Have you ever wondered how Wikidata stores and models words? How to create and improve Lexemes in your languages? Or even why it is useful and which projects could benefit from it?

The Lexicodays 2024 will answer these questions, and many more. During this online event, you will be able to learn more about Lexicographical Data on Wikidata, to discover how to model words in your languages, and to try out various tools that make it easier to work on Lexemes. It offers a space for editors involved in creating and maintaining Lexemes to discuss their ideas, challenges and best practices.

The online event will take place on June 28, 29 and 30, with sessions replicated in different languages and at different times across time zones. It is co-organized by Wikimedia Deutschland and the Software Collaboration Team in Indonesia, and we will focus on the languages of Indonesia and the Wikidata community in Indonesia. The event is open to everyone regardless of their knowledge of Lexemes. Most sessions will be recorded and published after the event.

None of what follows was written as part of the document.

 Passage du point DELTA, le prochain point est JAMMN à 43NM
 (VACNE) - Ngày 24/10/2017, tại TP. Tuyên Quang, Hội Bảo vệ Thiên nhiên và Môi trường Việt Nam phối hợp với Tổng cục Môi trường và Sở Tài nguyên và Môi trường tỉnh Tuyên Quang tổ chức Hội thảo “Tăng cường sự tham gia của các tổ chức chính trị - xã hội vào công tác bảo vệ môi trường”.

On the main event page, you can discover the structure of the program, which will keep evolving in the upcoming weeks. We are also welcoming proposals for the program until June 20th - we are particularly interested in introductions to Lexicographical Data in different languages, and discussions run by community members on how to improve modelling and documentation in a specific language.

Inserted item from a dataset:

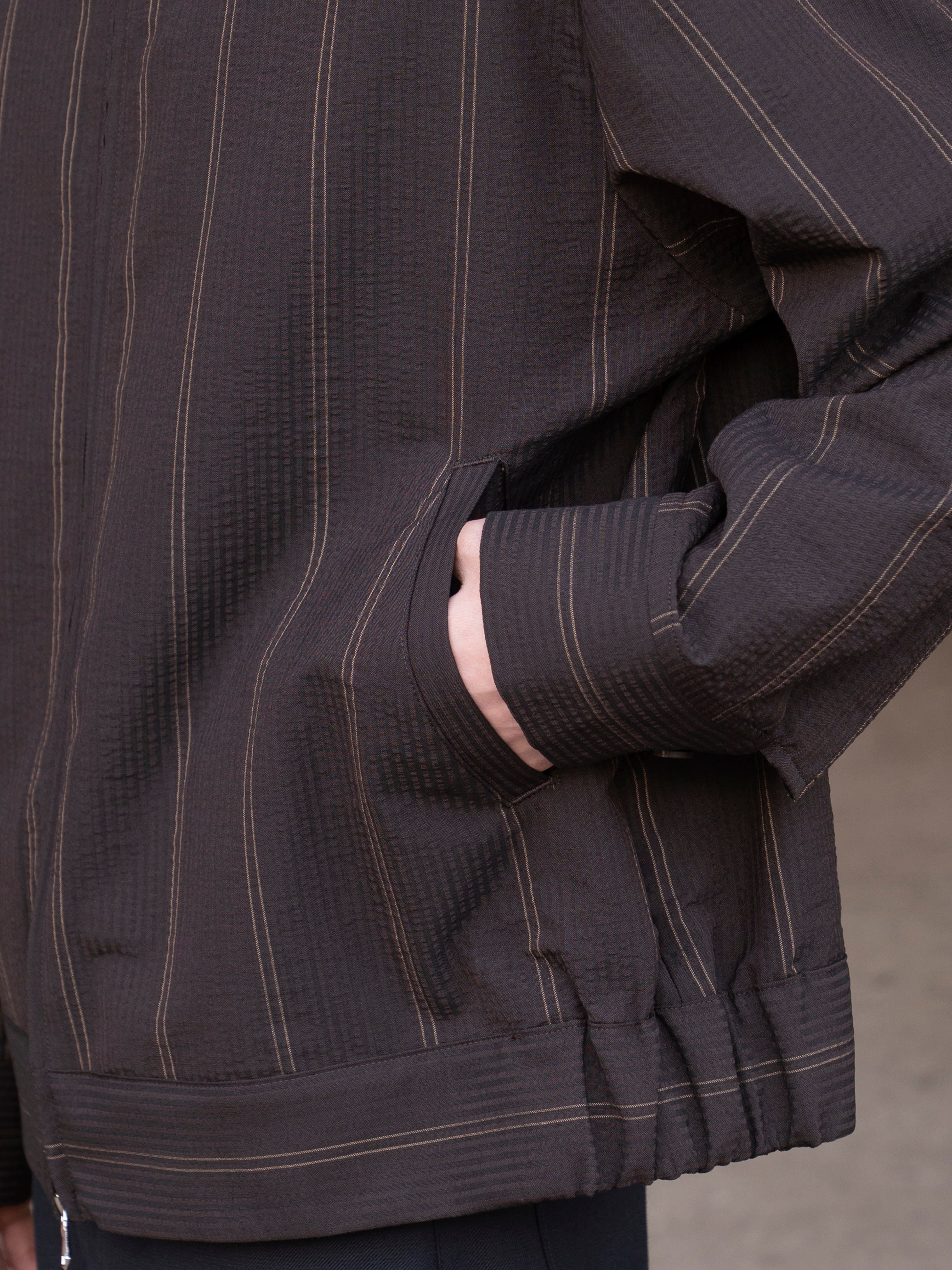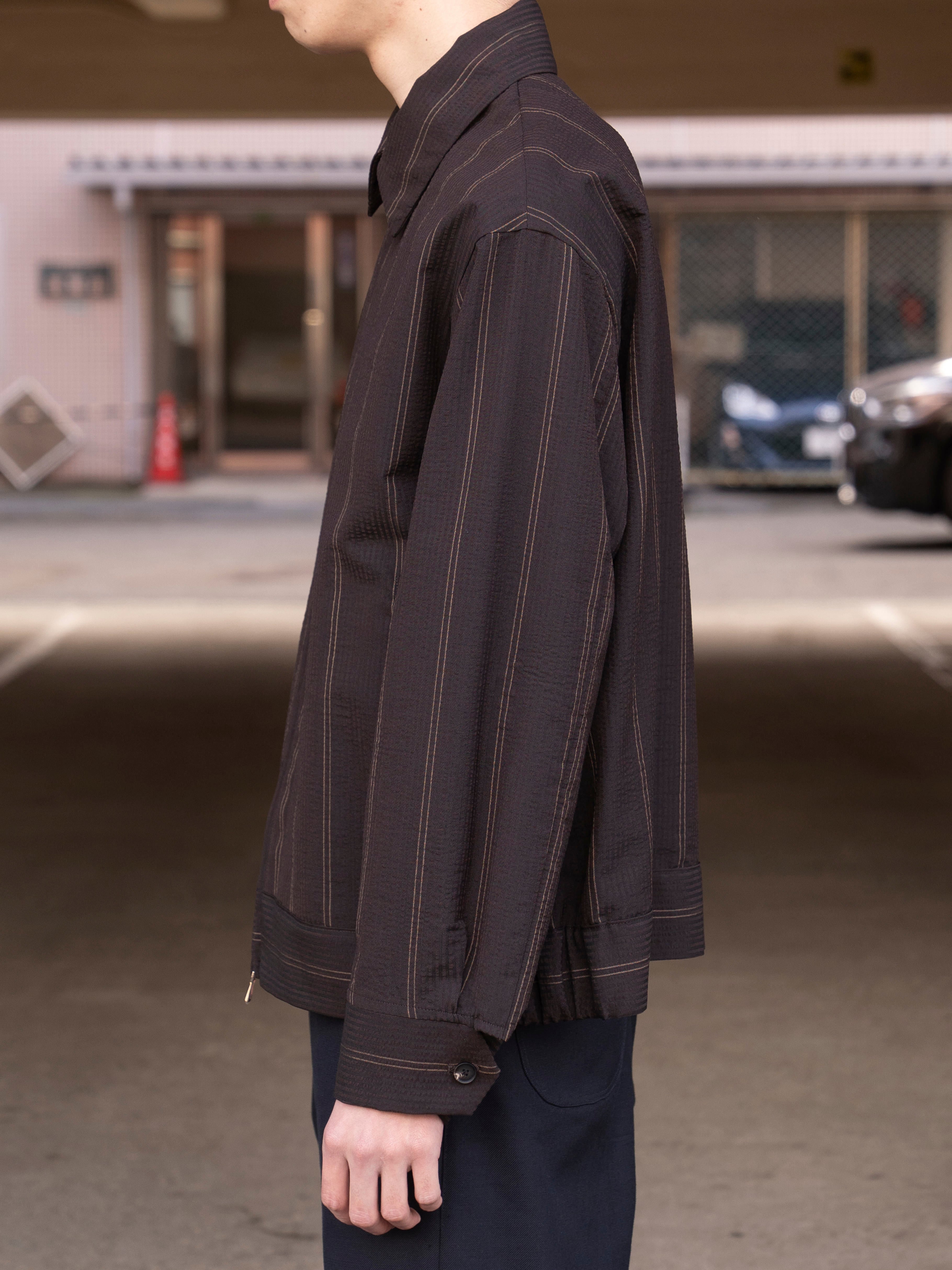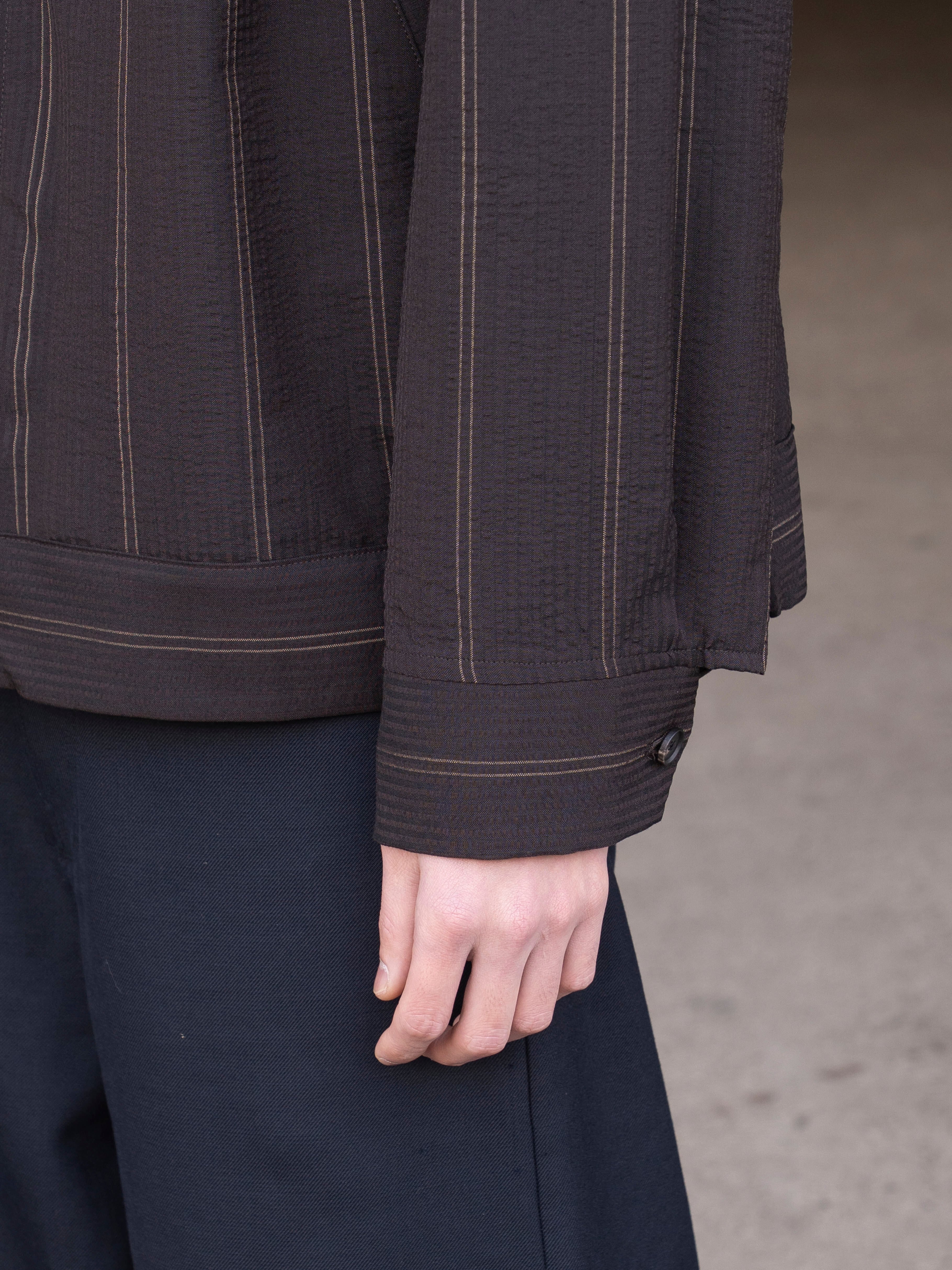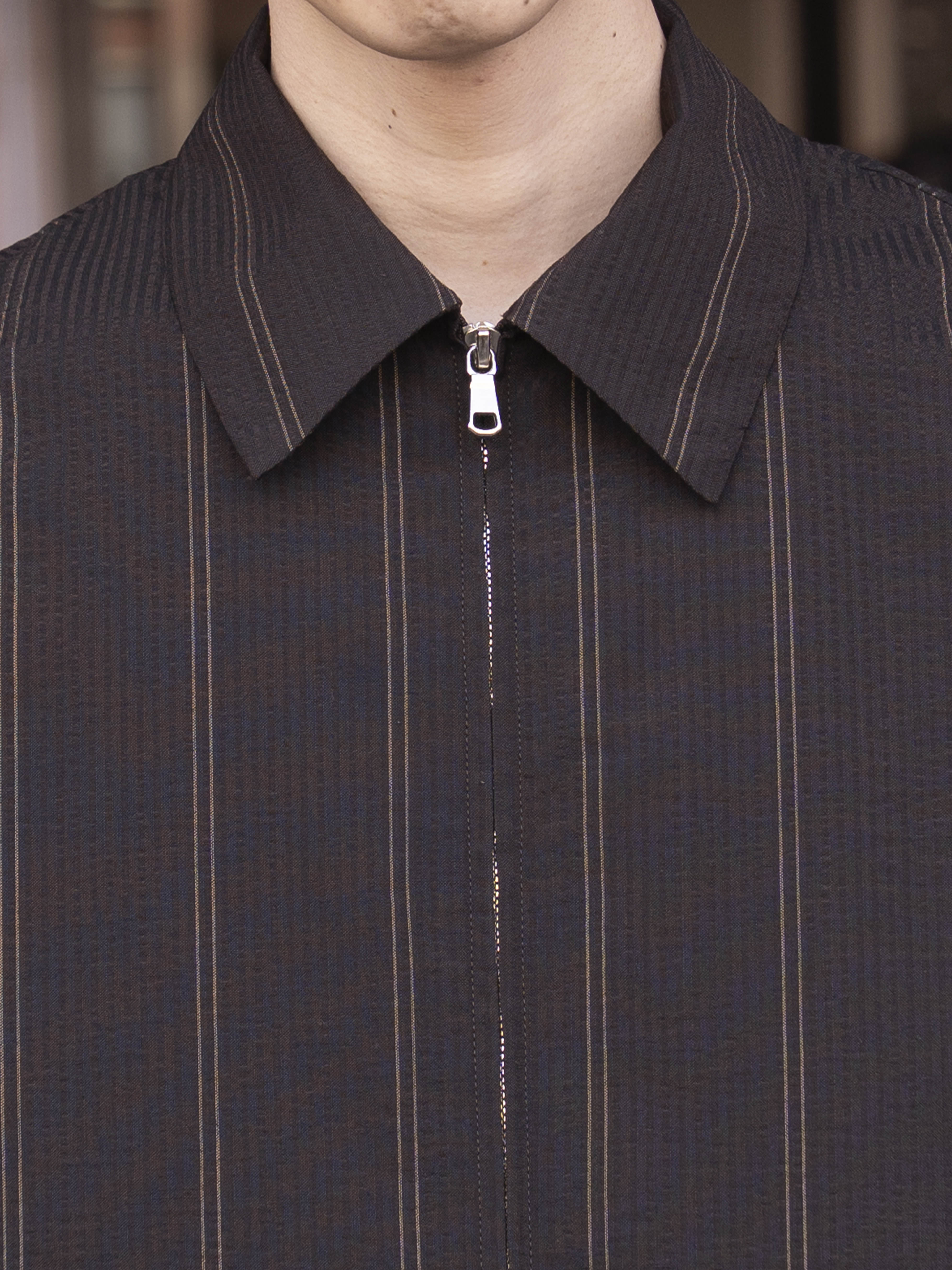 綿糸で作られることが多いサッカーを地タテヨコともに梳毛ウールを使用しています。通常サッカー地は2種類の異なるテンションの経糸を交互に配置してシボと畝を表現しますが、この生地はストライプの複雑な表情を表現するために6本交互に異なるテンションの意図を配置しています。一見単色の濃色に見えるストライプは黒と深いブラウンで構成されています。畝により細いストライプが揺らいで見えます。整理加工でこの畝と揺らぎが損なわれないように自然な仕上げをしています。

We will launch registration for the event in the upcoming days - if you’re interested, stay tuned by following the talk page or joining the Lexicographical Data Telegram group.

If you have any questions, feel free to write on the talk page of the event. See you soon, Léa (Lea Lacroix (WMDE)) and Raisha (Fexpr).

---

Halo, teman-teman!

Pernahkah Anda bertanya-tanya bagaimana Wikidata menyimpan dan memodelkan kata-kata? Bagaimana cara membuat dan meningkatkan Leksem dalam bahasa yang Anda tuturkan? Kenapa Leksem itu bermanfaat? Proyek-proyek apa yang akan terbantu dengan adanya Leksem ini?

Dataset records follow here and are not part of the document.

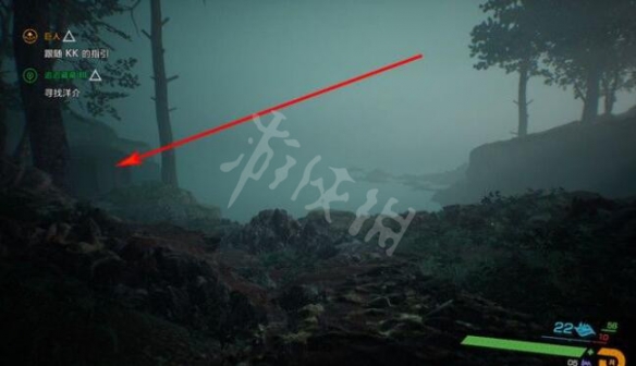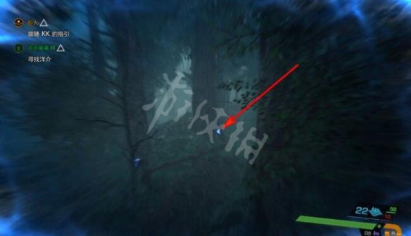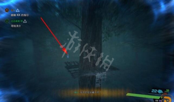 步驟3:往右邊看,洋介就在大樹旁邊,開透視視野就能看到他(本任務透視視野升滿級就很容易過)。
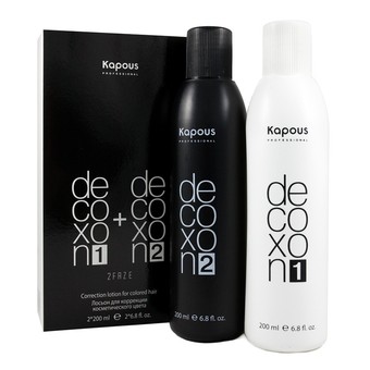 Применение: Перед началом использования средства его следует тщательно встряхнуть. В неметаллической ёмкости смешать "Decoxon" Fase 1 и Fase 2 в пропорции 1:1 до получения однородной массы. Смешивать обе фазы всегда только в равных частях, не допустима замена каким-либо другим препаратом, не использовать по отдельности. Нанести на сухие волосы без предварительного мытья. Время выдержки на волосах - 20 минут с применением тепла. По истечении времени смыть обильным количеством воды, отжать волосы и равномерно нанести на волосы Cremoxon Soft (1.5%) (в наборе Decoxon 2 Faze Kapous нет активатора (оксида), он приобретается отдельно), выдержать 4-6 минут, массируя (не натирать кожу). Если после нанесения Cremoxon Soft волосы обретают прежний нежелательный оттенок, значит искусственный пигмент недостаточно был расстворен в волосах. Вымыть волосы шампунем для всех типов волос Kapous Professional, высушить. При очевидной динамике вымывания цвета процедуру коррекции можно повторять до 3-х раз в день. Применение бальзама и питательных масок между процедурами коррекции цвета не допустимо. Использовать смесь сразу после приготовления.
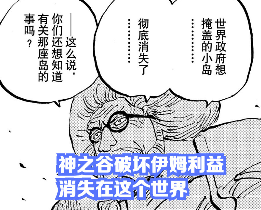 在957话战国说【这个岛屿早就消失了】,是因为这个神之谷被伊姆给彻底摧毁了,也是五老星极度隐瞒的历史真相之一,导致很多海军中将压根不知道,算是揭开了一个大填坑。

Lexicodays 2024 akan menjawab pertanyaan-pertanyaan tersebut, dan masih banyak lagi. Selama acara daring ini, Anda akan dapat mempelajari lebih lanjut mengenai Data Leksikografis di Wikidata, menemukan cara memodelkan kata-kata dalam bahasa Anda, dan mencoba berbagai perkakas yang memudahkan Anda dalam menyunting Leksem. Acara ini membuka ruang bagi para penyunting yang terlibat dalam pembuatan dan pemeliharaan Leksem untuk saling berdiskusi mengenai ide, tantangan, maupun praktik-praktik terbaik.

Acara daring ini akan berlangsung pada tanggal 28, 29, dan 30 Juni, dengan waktu penyelenggaraan yang tersebar dalam beberapa zona waktu dan sesi-sesi serupa yang diantarkan dalam bahasa-bahasa yang berbeda. Acara ini diselenggarakan bersama oleh Wikimedia Deutschland dan Tim Kolaborasi Perangkat Lunak di Indonesia. Fokus dari acara ini adalah untuk bahasa-bahasa yang dituturkan di Indonesia dan komunitas Wikidata di Indonesia. Acara ini terbuka untuk siapa saja, terlepas dari seberapa akrab Anda dengan Leksem. Kami akan merekam sebagian besar sesi dan mempublikasikannya setelah acara selesai.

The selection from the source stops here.